Monday, December 18, 2017

Sunday Jazz

We received an impromptu invitation, "Tomorrow night Matthew will play us a little jazz, 6pm in the club room. If you are around, come join us." The invitation came from the parents of Matthew who is visiting from New York City for Christmas. The date for this inspiring wassail was Sunday, December 17th exactly one week before Christmas Eve.  It couldn't have been a nicer way to kick off the Season!

Like many successful people in the entertainment business, 29-year old Matthew is not hard on the eyes. But if you really want to understand his success it isn't his strapping good looks that entertain but the way he looks when he entertains.  Allow me to explain.

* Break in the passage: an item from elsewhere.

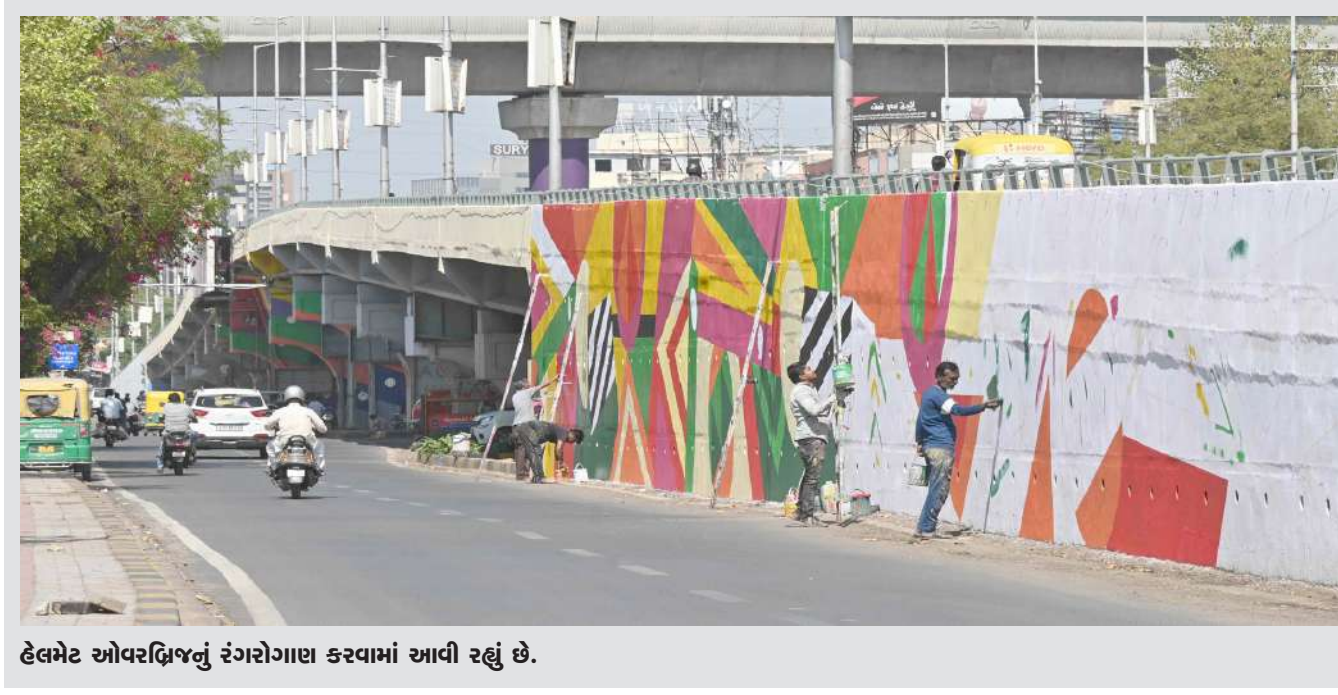
હેલમેટ ઓવરડ્રિજનું રંગરોગાણ કરવામાં આવી રહ્યું છે.

Watching Matthew perform is a study in self-expression, the heartfelt effusion of an uncommonly talented person. What was especially telling to me as the crowd began to assemble in the club room was the gusto with which Matthew launched his performance.  This was clearly not an imposition for him but rather something he positively relished! Though his playing was as extemporaneous as the invitation to hear him, he cobbled together a thoroughly professional rendition of sometimes dazzlingly complicated improvisations.  And all with a smile and the characteristic simpatico of a truly connected artist. Matthew was engaged with his audience. He had us tapping our feet or snapping our fingers or humming along as he played. This was his undisputed vernacular.

And he played for two hours!  It was more than a "little jazz", it was a galaxy of tunes and equally brilliant! We certainly hadn't expected to be treated to an unscripted production of such duration. No doubt it was Matthew's musical versatility which effortlessly lubricated the passage of time. Part way through the evening he withdrew his saxophone from its small black carrying case and treated us to several delightful renditions on his preferred instrument.

Afterwards we posited opinions regarding Matthew's unfeigned performance. Though one might have imagined his reluctance to entertain people of his parents' age nothing could have been further from the truth. What obviously motivated him was his sheer pleasure in playing for us. Our reciprocity if any was our unquestionable gratitude for his time and energy. Though entertainers no more than any others survive on air he at least has the consolation of knowing we appreciated his many years of concentrated study and practice which led to this commendable fruition. His was truly a gift in the spirit of Christmas!